UKIP responded to yesterday’s Times’s reporting of Nigel Farage’s EU allowances (£) by releasing a document about some of the paper’s journalists. It claims that “most” of these have family or personal connections to the Conservative Party and that the majority are from “immensely privileged backgrounds”: all but one are described as “privately-educated”.
I particularly admire the “most”. If the point of UKIP’s list is to expose immensely privileged, privately educated people with links to the Conservatives, why include those who don’t qualify? And why the bugbear about private education, since Nigel Farage himself was educated at Dulwich College, which was an independent school the last time I looked? (Weekly boarders: £10,736. Full boarders: £11,296.) Does this automatically make him “immensely privileged” – and if not, why not?
And so on. But to take UKIP’s gambit seriously would be to misunderstand it. The Party’s purpose in releasing its list is to discredit the Times in the eyes of those who might vote for it. For one of the two main political parties to act in this way would be madness. (Imagine if the Conservatives had last week released a list critical of those journalists who were reporting criticisms of Maria Miller.) However, UKIP is not one of the two main parties, so the rule does not apply.
It is more like the party with whose leader Farage recently debated – the Liberal Democrats. All Nick Clegg has to do to achieve his purpose at the next election is to hold the seats he already possesses. How the rest of the electorate votes elsewhere is of secondary interest to him. Similarly, all UKIP has to do is to keep hold of its present poll support. If it wins, say, ten per cent of the vote, it can put Ed Miliband in Downing Street, since it is taking more votes from the Tories than from Labour.
The Miliband/Farage, Molotov/Ribbentrop pact will then have achieved its purpose. Once it is has done so, Farage can set about his real business – namely, to merge the more rational part of UKIP with most of the Conservatives, thus extinguishing his own party. I suspect that the party’s riposte to the Times will succeed. UKIP voters are angry voters. They don’t read the paper. Until or unless other media outlets push the story hard, they won’t take it seriously – and probably wouldn’t even then.
As it happens, the case for Farage’s defence in relation to yesterday’s Times story is strong, and scarcely needs UKIP’s jolly dossier. Daniel Hannan points out that, like other MEPs, Farage is in receipt of “an allowance, not a claim. It is handed over unconditionally, with no requirement for receipts.” Furthermore, it cannot be refused. “When one of my British colleagues found himself with a slight surplus, and asked how to return it, he was told it couldn’t be done.”
“If you simply trouser the cash, no questions asked, as many MEPs do, then you are in effect immune to critical scrutiny. It is only when you publish more information than is required that you invite the kind of complaint that Nigel Farage has now attracted.” This doesn’t mean that the UKIP leader is in the clear with the Electoral Commission, that a senior UKIP official wasn’t silenced when she asked for an audit of the party’s finances, or that a former senior executive didn’t receive “a death threat”.
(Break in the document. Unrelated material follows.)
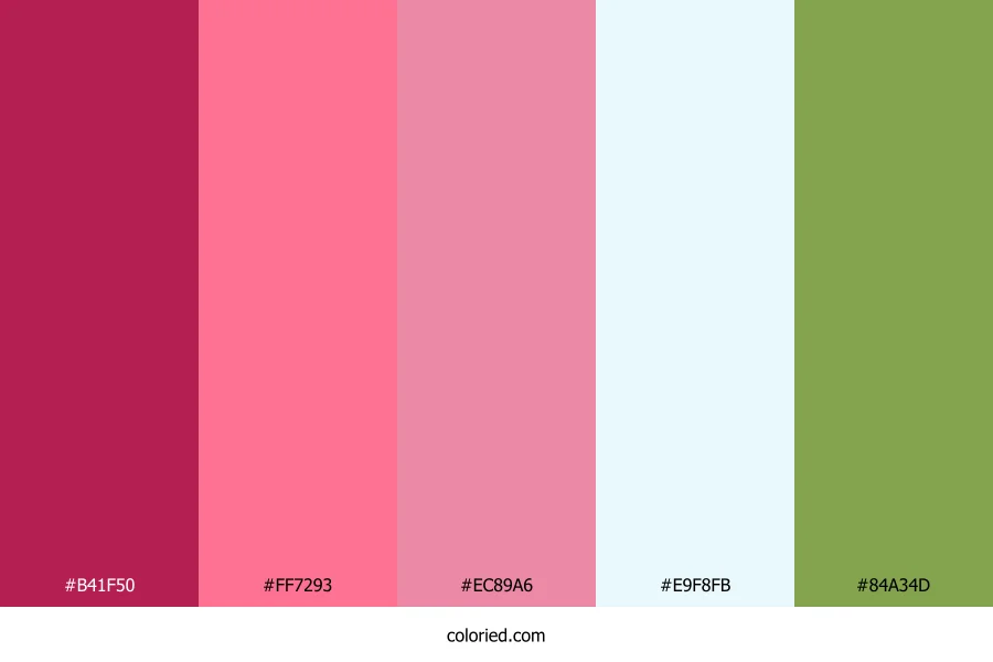 ![]() | #B41F50 | 180, 31, 80 | 340, 71%, 41% | 0%, 83%, 56%, 29% | oklch(0.507 0.184 8) |

All these details are in the Times this morning, and the paper’s motive in publishing is shown by its return to the fray. This is very simple: like its rivals, it wants to sell newspapers. Times readers will lap up stories of UKIP chaos – and, since there’s a lot of it about, this story will run and run. Labour-supporting Times executives, such as Philip Collins, formerly Tony Blair’s chief speechwriter, will join happily with Tory ones in pushing it.
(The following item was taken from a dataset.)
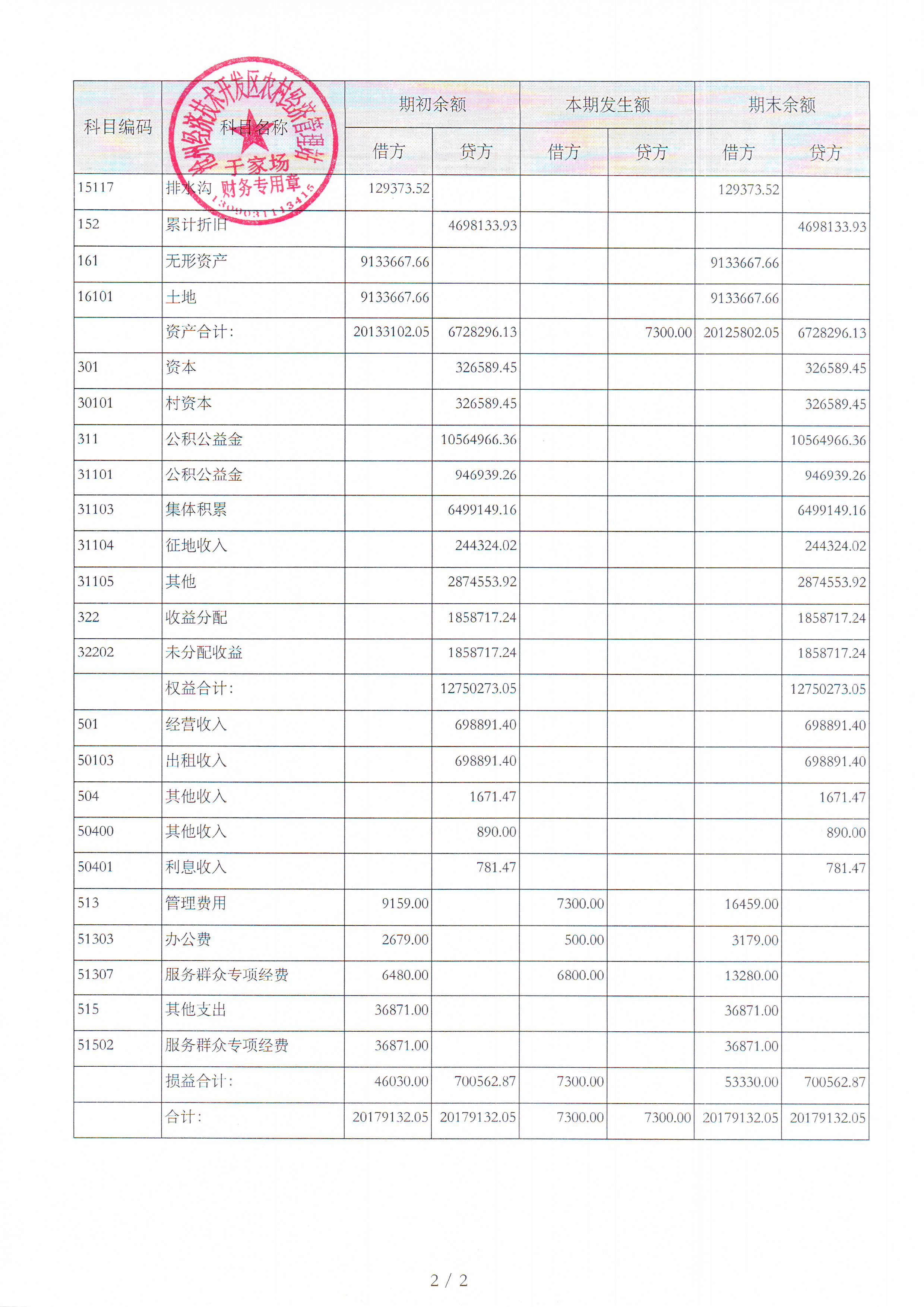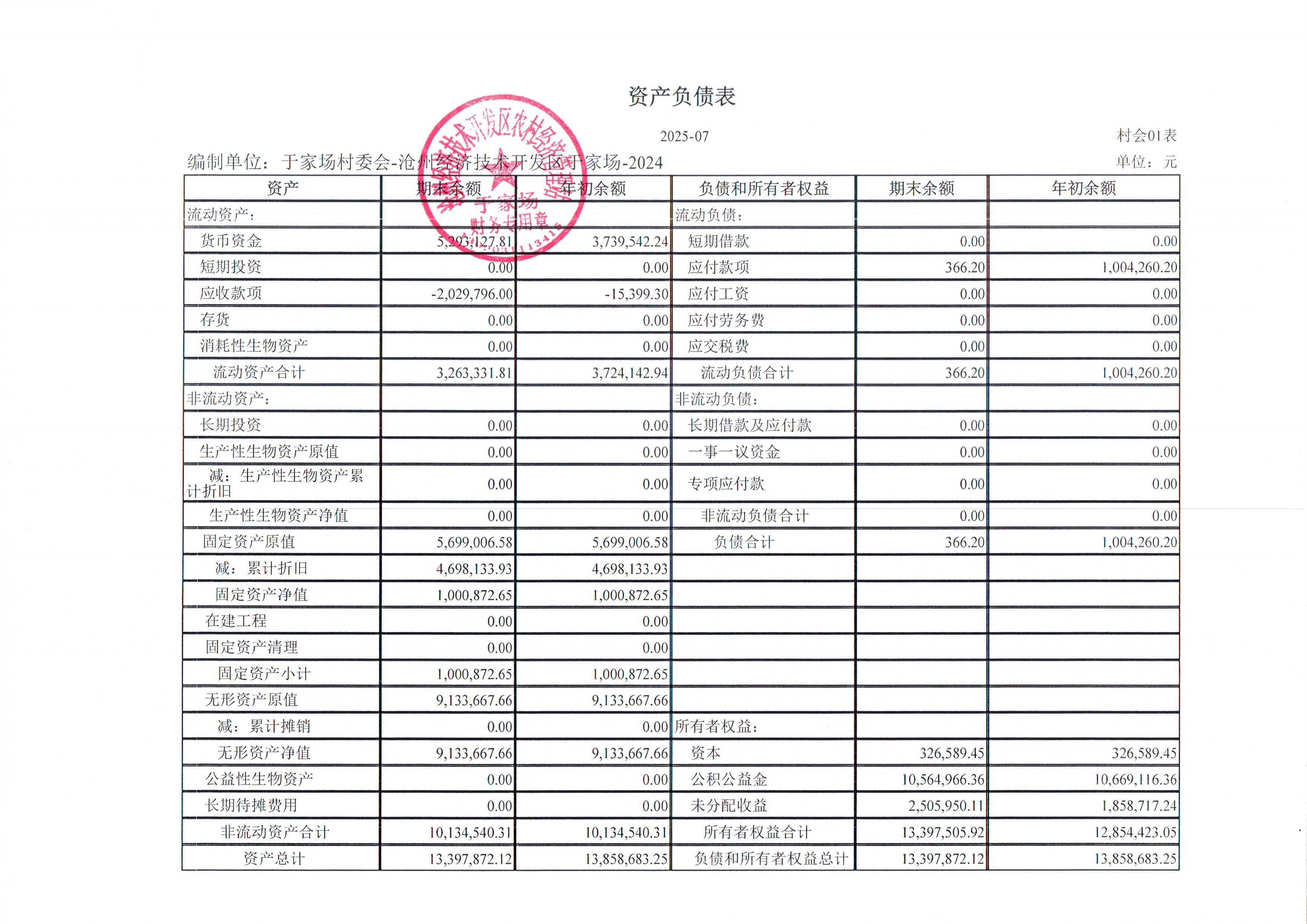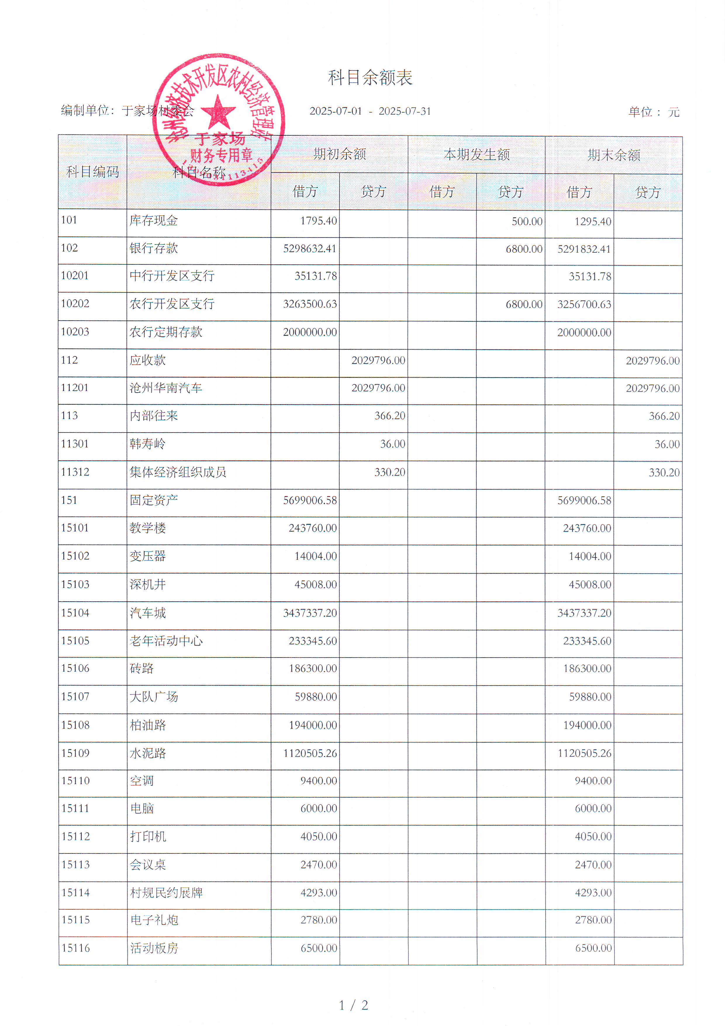于家场村2025年7月财务公开

This detail is grist to UKP’s mill. Conservatives hand in glove with Labour – there you go! The LibLabCon in action! Creatures of the EUSSR! ZanuLab! The sheeple led to the slaughter house! P.S: I am the author of a Times piece (£) this morning. It’s nothing to do with UKIP. None the less, I am thus exposed as part of the anti-Farage conspiracy, together with my immensely privileged background. David Cameron should be more grateful to ConservativeHome than my experience suggests that he is.